An Internal Representation for Adaptive Online Parallelization [abstract] (PDF)
Koy D. Rehme
Masters Thesis, Department of Electrical and Computer Engineering,
Brigham Young University, August 2009.
Future computer processors may have tens or hundreds of cores,
increasing the need for efficient parallel programming models. The
nature of multicore processors will present applications with the
challenge of diversity: a variety of operating environments,
architectures, and data will be available and the compiler will have
no foreknowledge of the environment until run time. ADOPAR is a
unifying framework that attempts to overcome diversity by separating
discovery and packaging of parallelism. Scheduling for execution may
then occur at run time when diversity may best be resolved.

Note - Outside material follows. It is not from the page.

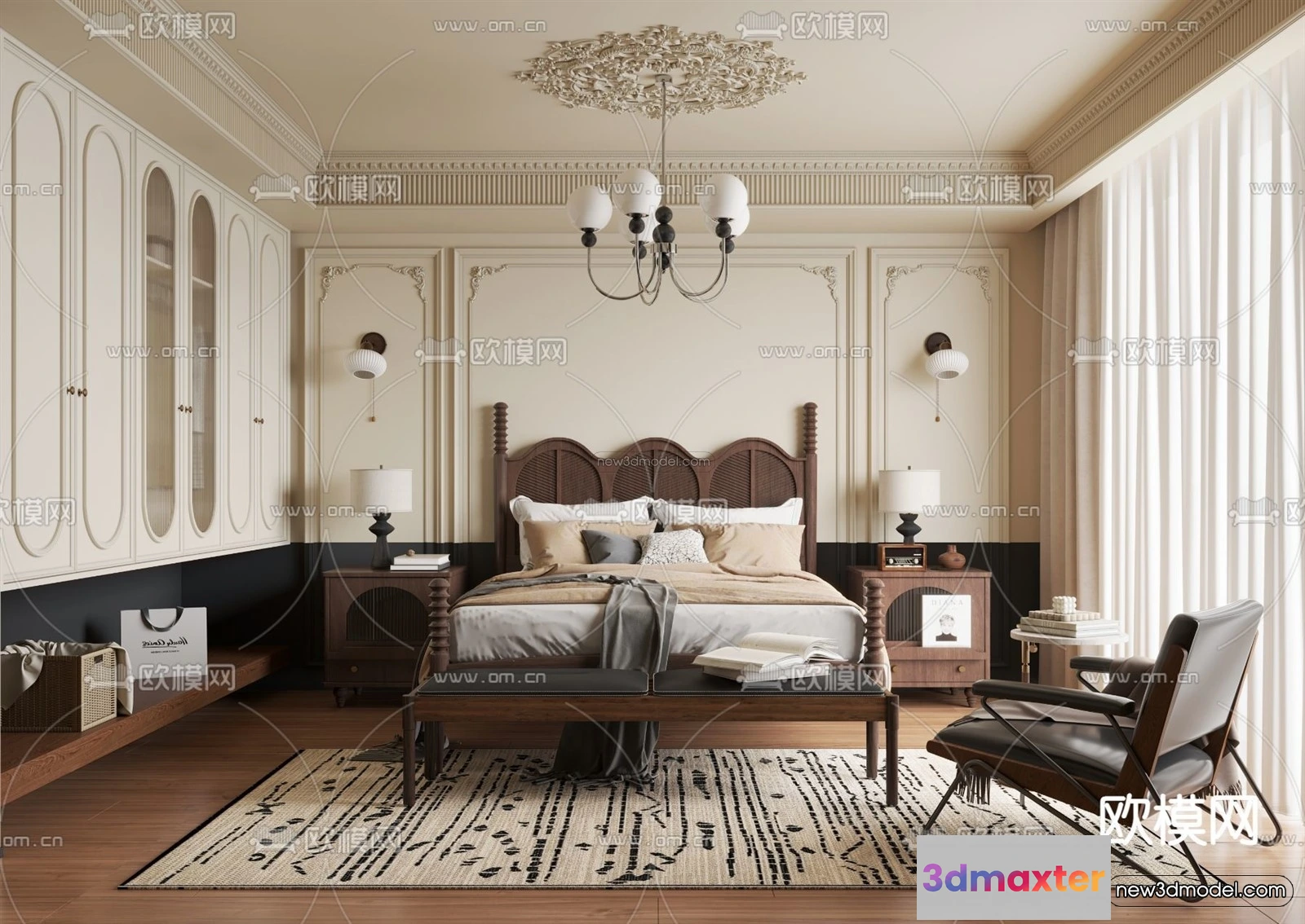 Modern Style Interior 3D Blocks and 3D Models – Bedroom 3D Scene – 456 – Bedroom 3D Model – CORONA

This work presents a compact representation of parallelism based on
the task graph programming model, tailored especially for ADOPAR
and for regular and irregular parallel computations. Task graphs can
be unmanageably large for fine-grained parallelism. Rather than
representing each task individually, similar tasks are grouped
into task descriptors. From these, a task descriptor
graph, with relationship descriptors forming the edges of the
graph, may be represented. While even highly irregular computations
often have structure, previous representations have chosen to restrict
what can be easily represented, thus limiting full exploitation by the
back end. Therefore, in this work, task and relationship descriptors
have been endowed with instantiation functions (methods of
descriptors that act as factories) so the front end may have a full
range of expression when describing the task graph. The
representation uses descriptors to express a full range of regular and
irregular computations in a very flexible and compact manner.
The representation also allows for dynamic optimization and
transformation, which assists ADOPAR in its goal of overcoming
various forms of diversity. We have successfully implemented this
representation using new compiler intrinsics, allow ADOPAR
schedulers to operate on the described task graph for parallel
execution, and demonstrate the low code size overhead and the
necessity for native schedulers.